From Murphy, there had been a pacifier and some toys, including, because she is a dick, a large novelty pacifier with _Harry_ written on the mouth-guard. Ha, ha. The Alphas had, perhaps inevitably, brought a selection of children's books, most notably a copy of _Grimm's Fairy Tales_. Wise-ass college kids. I told them all they'd better stop snickering and start reading up.

The Carpenters had loaded me down to the point where I was starting not to attach irony to Charity's name: Christmas gifts, old baby paraphernalia, clothes, toys. Before Michael gave me the cradle, I'd just been going to pad a drawer with old tee-shirts.

I reached down and rescued Maggie from Mister, who had started licking her face. She looked up at me with dark eyes I didn't dare look back into for too long, tiny and ridiculous-looking and perfect.

It hit me, all of a sudden, and I had to sit down. I was home. I was home and safe, except I wasn't safe at all, and I had a baby to look after. How had this _happened_? It had been happening for months, but the reality was only now setting in. This wasn't just my feet swelling and learning to manoeuvre with a beach-ball sticking out of my stomach. This was a tiny little human being, already putting energy out into the world, changing it, even if only in this small, dark corner.

Curious, I extended my magical senses; I hardly needed them to feel the bond. Energy swirled around and between us almost as freely as it had when Maggie still slept beneath my heart. Okay, shadow-boxed beneath my heart: Maggie obviously had an exceptional intuitive understanding of fighting dirty. She must have inherited it from Hawk, because I mostly just flail a lot and bang at things until I have enough limbs free to run away. Clearly, there was something to this evolution business. I grinned broadly down at my personal contribution to the betterment of the species.

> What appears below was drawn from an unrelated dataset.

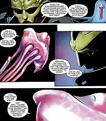 Thane was raised on the ocean planet of Kahje, the homeworld of the hanar, a species known for their strict adherence to polite speech and proper etiquette.[4] A few centuries before the events of the original Mass Effect trilogy, the hanar evacuated a portion of the drell species from their dying homeworld Rakhana and transported them to Kahje.[5] In gratitude to the hanar for saving them from extinction, the remnants of the drell people pledged their loyalty and service to the hanar as a client race, the two races establishing a symbiotic cultural relationship known as the Compact.[6][5] The drell are integrated into every level of hanar society and usually assist with many tasks the hanar may find physically difficult to perform even with mechanical aid, such as combat or assassinations.[6] The drell consider their service to the hanar an honor, regardless of the nature of the task.[7] Thane possesses eidetic memory, a genetic trait typical of the drell species. An external stimulus may trigger an involuntary memory recall, which are so vivid and detailed that some drell may mistake it for reality. Thane occasionally loses himself reliving the perfect recall of some of his memories and can describe them in flawless detail.[8]

Maggie, of course, chose that moment to start wailing.

On the other hand, maybe White Council HQ in Edinburgh could use a new air-raid warning siren. There was a war on, after all.

I have never respected Charity Carpenter more than I did those first weeks, with the few, dimly-firing neurons I had left. She had made it all look so _easy_ ; I'd thought I'd taken note of how she'd done everything—I was intelligent; I was observant; I was a freaking _wizard_ , used to thinking on my feet.

Sleep deprivation is an incredibly effective tactic. The human body needs sleep. No one is quite sure why; but after a couple days, your memory starts going to shit, you get clumsy, and stupid, and you start losing the ability to tell the good ideas from the bad ideas—believe me: I know.

The inability to sleep shows up occasionally as a genetic disease; they don't have a cure for it. It starts with paranoia and panic attacks, then hallucinations. Once you stop sleeping entirely, you have on average about nine months of rapid weight loss, followed by catatonic dementia and death. The whole process usually takes about a year and a half; some people hold out for as long as three years; some are dead within seven months.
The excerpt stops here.